Миссис Холланд бросала любопытные взгляды на перешептывающихся на шезлонге родственниц. У Дианы всегда было много общего с тетей Эдит, и каким-то странным образом она чувствовала, что пожилая леди поймет её поступок. Но девушка не стала рассказывать тетушке об их с Генри замысле. В душе боясь, что обо всем узнает мать, Диана лишь скармливала тете обрывки рассказов об увиденном за границей и очень общими фразами намекала на происходящее между ней и Генри.
— О, но в молодости… — говорила тетушка, словно обращаясь к окну. — Генри — его вылитый портрет.
Диана отвлеклась, увидев, что мать отложила утренние газеты и пошла к шезлонгу. На миссис Холланд было строгое приталенное платье винного цвета почти без оборок, и её взгляд был таким же строгим.
— О чем разговариваете?
Эдит посмотрела на невестку, словно на знакомую, о существовании которой давно забыла, но внезапно увидела перед собой, и отстраненно улыбнулась.
— О… о древней истории, — ответила она.
— Диана, — продолжила миссис Холланд, не обратив внимания на слова Эдит, и встала между двумя романтичными особами, разрушив идиллию. — После завтрака у нас осталось много выпечки. Не отнесешь ли её сестре?

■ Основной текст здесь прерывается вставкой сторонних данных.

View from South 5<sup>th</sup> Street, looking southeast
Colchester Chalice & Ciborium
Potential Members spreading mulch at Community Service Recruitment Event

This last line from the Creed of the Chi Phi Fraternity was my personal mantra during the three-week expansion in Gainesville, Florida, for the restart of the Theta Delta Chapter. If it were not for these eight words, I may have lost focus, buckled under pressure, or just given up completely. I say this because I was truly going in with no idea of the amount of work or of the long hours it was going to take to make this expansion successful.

С того места, где сидела Диана, миссис Холланд, казалось, окружало смешение поколений: портрет покойного мужа над каминной доской, множество истертых кресел-бержер, кожаные панели и небольшие декоративные столики, турецкий уголок слева. Услышав простую просьбу матери, Диана тотчас смекнула, как улизнуть из отчего дома вместе с саквояжем. Вот только уйдет она раньше, чем собиралась, и оставшиеся на прощание с домом минуты резко сократятся. От этого потрясения с Дианы мгновенно слетел весь налет дерзости. Она не тронулась с места, переводя взгляд с матери на тетку и поправляя широкий пояс на тонкой девичьей талии.

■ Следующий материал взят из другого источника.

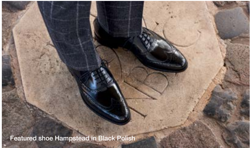
Featured shoe Hampstead in Black Polish

7mm Leather Sole Goodyear Welted Shape 469 | Size 6-12 419717G Black Polish 419747G Castagna Suede
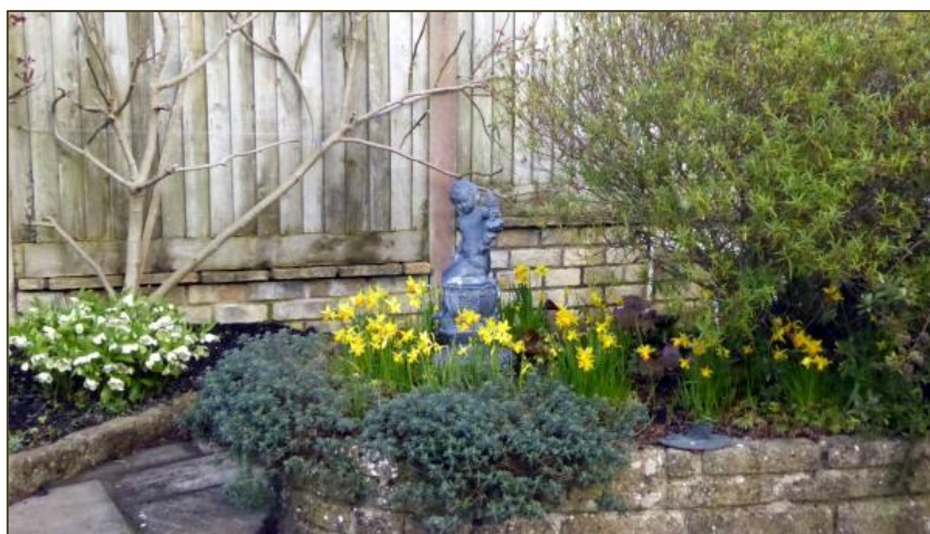
Spring flowers make a tentative start in the garden

— Значит, ступай, — поторопила её миссис Холланд. — Можешь взять экипаж.
Диана постаралась выйти из гостиной, не оглядываясь: единственный способ уйти навсегда — сделать это как можно быстрее.
Добравшись до дома Элизабет, Диана сказала новому кучеру, Дональду, что хочет пройтись домой пешком, благо погода ясная и нежаркая. Она взяла большой бумажный пакет с выпечкой и свой маленький саквояж, который прятала под полой длинного плаща — хотя Дональд и не смотрел на неё — и поднялась на крыльцо к входной двери. Хотя она знала, что Элизабет не любит Сноудена, сестра казалась счастливой в семейной жизни, и Диана радовалась, что из сестер Холланд именно старшей, а не младшей, пришлось менять девичью фамилию на титул миссис Кэрнс. Ведь было время, прошлой зимой, еще до возвращения Элизабет, когда миссис Холланд просила Ди быть поласковее с бывшим деловым партнером отца, сделавшим для их семьи столько хорошего. И с этой нежной благодарностью — за все, от чего он спас Элизабет и чего не лишил её саму — Диана поприветствовала зятя.

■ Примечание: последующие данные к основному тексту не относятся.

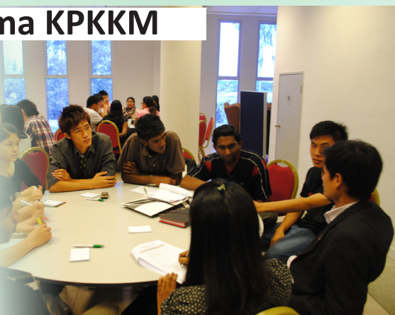
Pegawai KPKKM (kanan) mengetuai perbincangan kumpulan

Bagi melancarkan perjalanan program ini, para pelajar dibahagikan kepada empat kumpulan. Setiap kumpulan diketuai oleh pegawai KPKKM untuk membincangkan isu-isu yang berkaitan dengan pendidikan, konsep 1Malaysia, kepimpinan Perdana Menteri, polis dan keselamatan, pengangkutan awam, politik semasa dan sistem penyampaian kerajaan. Kemudian setiap kumpulan membentangkan hasil perbincangan tersebut.

— Вы выглядите усталым, — мило отметила она, увидев синяки под глазами Сноудена и восприняв их как подлинное доказательство его заботы о ребенке Элизабет как о собственном. Они несколько секунд стояли, глядя друг на друга, в прихожей, которая показалась Диане слишком пустой и немного неприятной: панели из тисненой черной кожи резко контрастировали с обшивкой из полированной березы.
— Да… — начал он. — Вашей сестре нехорошо. Вчера ночью приходил врач. До рождения ребенка он прописал ей постельный режим и выписал лекарство, чтобы ей лучше спалось.
Диана не смогла подавить короткую вспышку раздражения, поняв, что здоровье сестры может стать угрозой побегу. Но когда спросила, все ли будет хорошо, Сноуден тут же уверенно кивнул, и страх задержаться немедленно испарился.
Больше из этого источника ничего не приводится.